Zie ook I (doorverwijspagina) voor andere betekenissen die aan de letter zijn gegeven.
De letter I is de negende letter van het moderne Latijnsealfabet. De letter is afgeleid van de Griekse letter jota (Ι, ι), die gebruikt werd voor /i/, dezelfde als die de Etrusken in hun alfabet gebruikten. De eerdere Semitische letter Yôdh was waarschijnlijk oorspronkelijk een pictogram van een arm met een hand, afgeleid van een vergelijkbare Egyptische hiëroglief die echter anders werd uitgesproken. De Semieten gaven hem de klank /j/, omdat hun woord voor "arm" met die letter begint. Hij kon ook een /i/-klank betekenen, voornamelijk in vreemde talen.
Het puntje dat op de letter i staat heet een tittel. Aanvankelijk stond er geen puntje op de i, maar om verwarring te voorkomen werd het later toegevoegd.[bron?] Over het algemeen zet men geen punt op de hoofdletter I. Als de kleine letter i voorzien is van een accent (í) of trema (ï), wordt de punt ook wel weggelaten.

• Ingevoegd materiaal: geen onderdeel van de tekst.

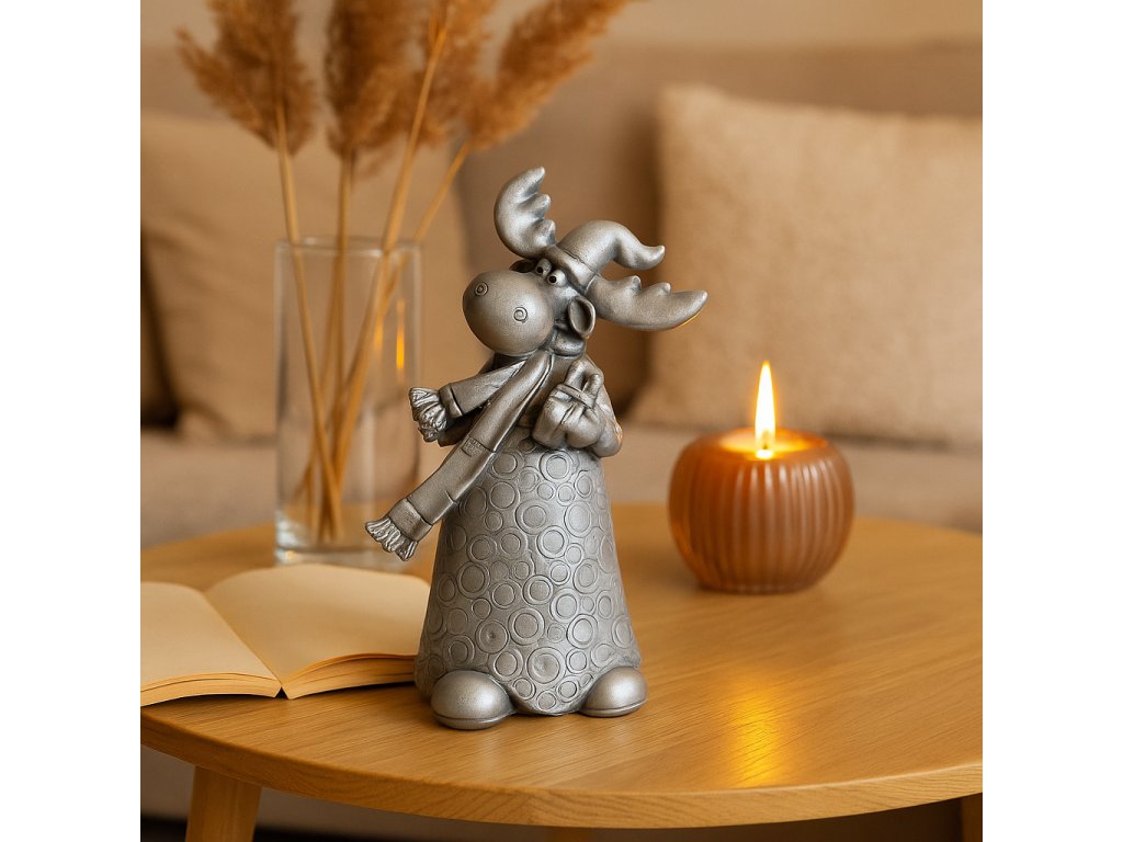 Stříbrný sob s dárkem v ruce střední 18 cm

Anders is dit in het Turks, waar men onderscheid kent tussen İ en i met punt, en I en ı zonder punt.
Een zegswijze is: De puntjes op de i zetten. Hiermee wordt bedoeld dat een taak tot in details voltooid wordt. Kennelijk is een geschreven tekst niet helemaal volmaakt als er geen puntjes op de i staan.